◆ Exercise data:
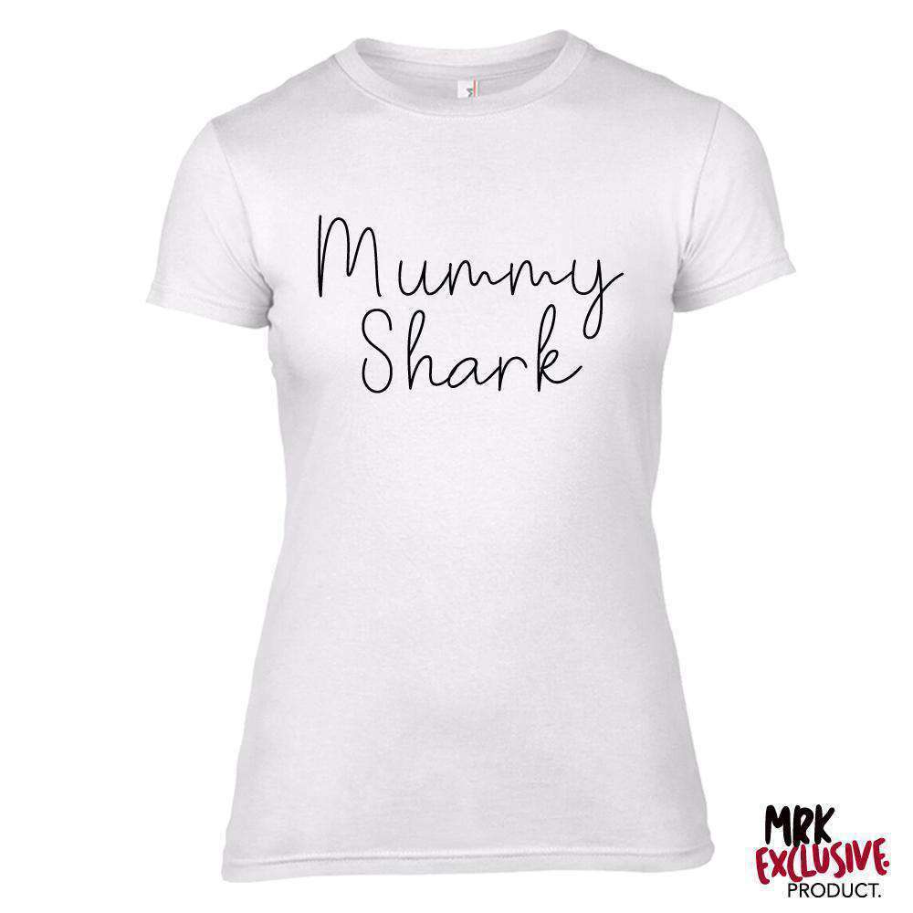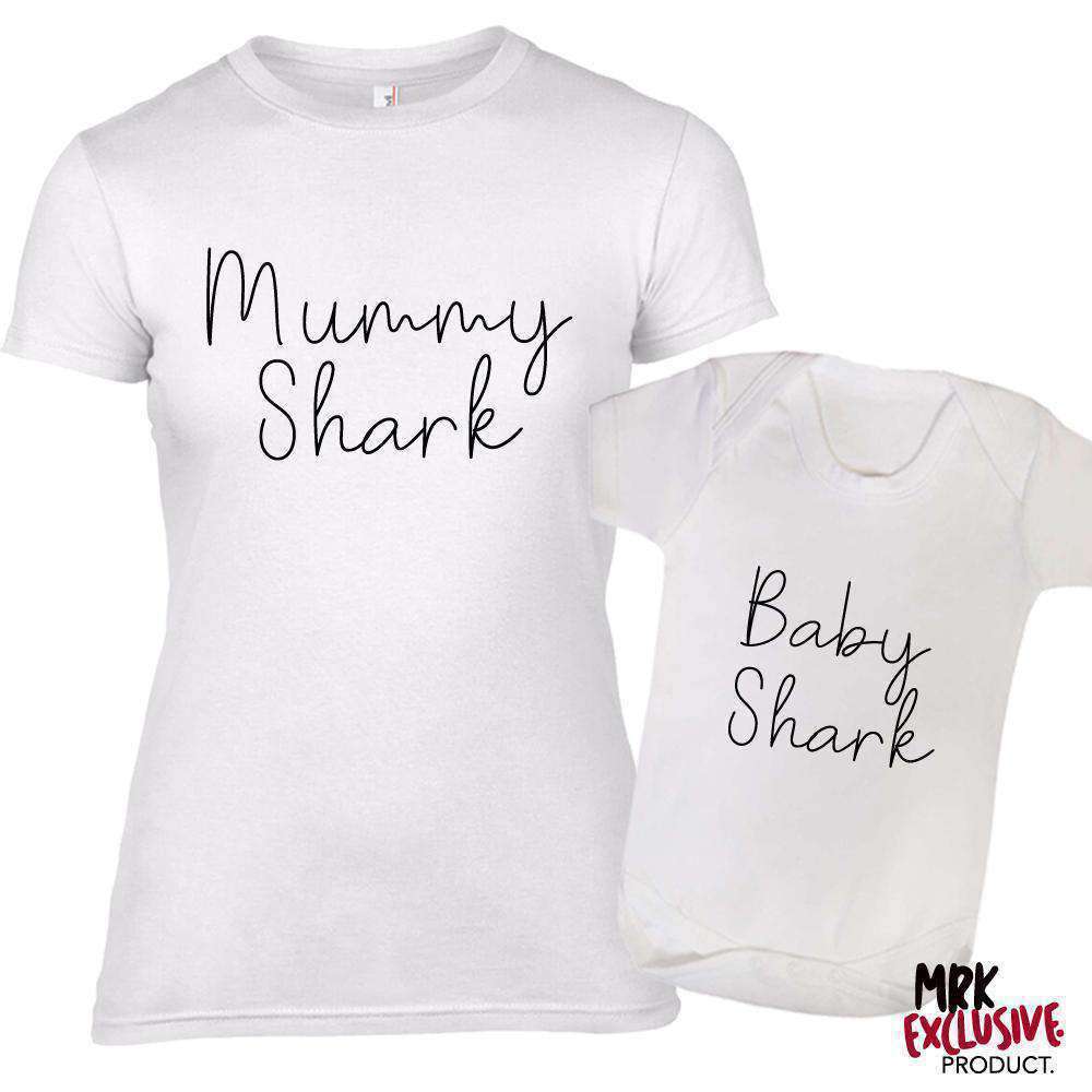 Mummy Shark Matching New Script Slogan White Tee & Bodysuit (MRK X)
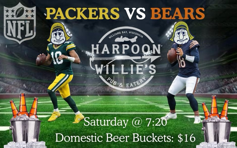 If you’re looking for a place to watch the Packers/Bears game this Saturday, Harpoons is the place for you! We will have the sound on and be offering $16 domestic buckets all game. #GoPackGo #BearDown
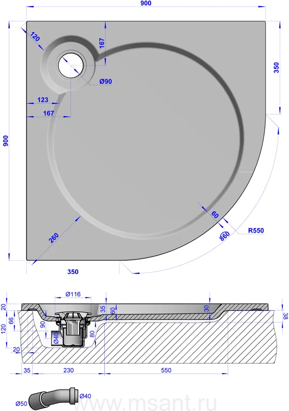 Поддон для душа GuteWetter Deluxe 90x90x2 R серый
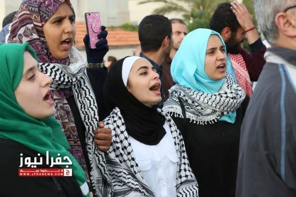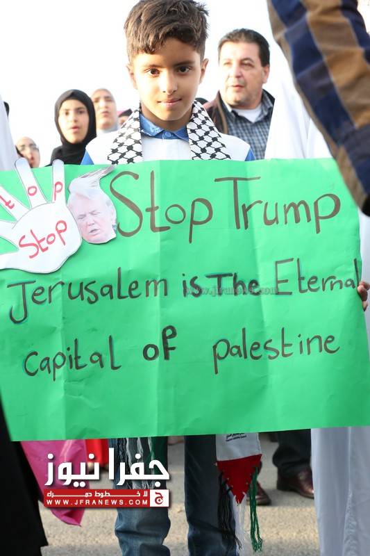 وهتف المحتجون ضد الاحتلال الاسرائيلي والقرار الأمريكي منددين بالخطوة الامريكية اعلان القدس عاصمة لاسرائيل.

◆ What is being asked: Pictures aside, reproduce all of the material above without alteration.

◆ Exercise response:
 Mummy Shark Matching New Script Slogan White Tee & Bodysuit (MRK X)
 If you’re looking for a place to watch the Packers/Bears game this Saturday, Harpoons is the place for you! We will have the sound on and be offering $16 domestic buckets all game. #GoPackGo #BearDown
 Поддон для душа GuteWetter Deluxe 90x90x2 R серый
 وهتف المحتجون ضد الاحتلال الاسرائيلي والقرار الأمريكي منددين بالخطوة الامريكية اعلان القدس عاصمة لاسرائيل.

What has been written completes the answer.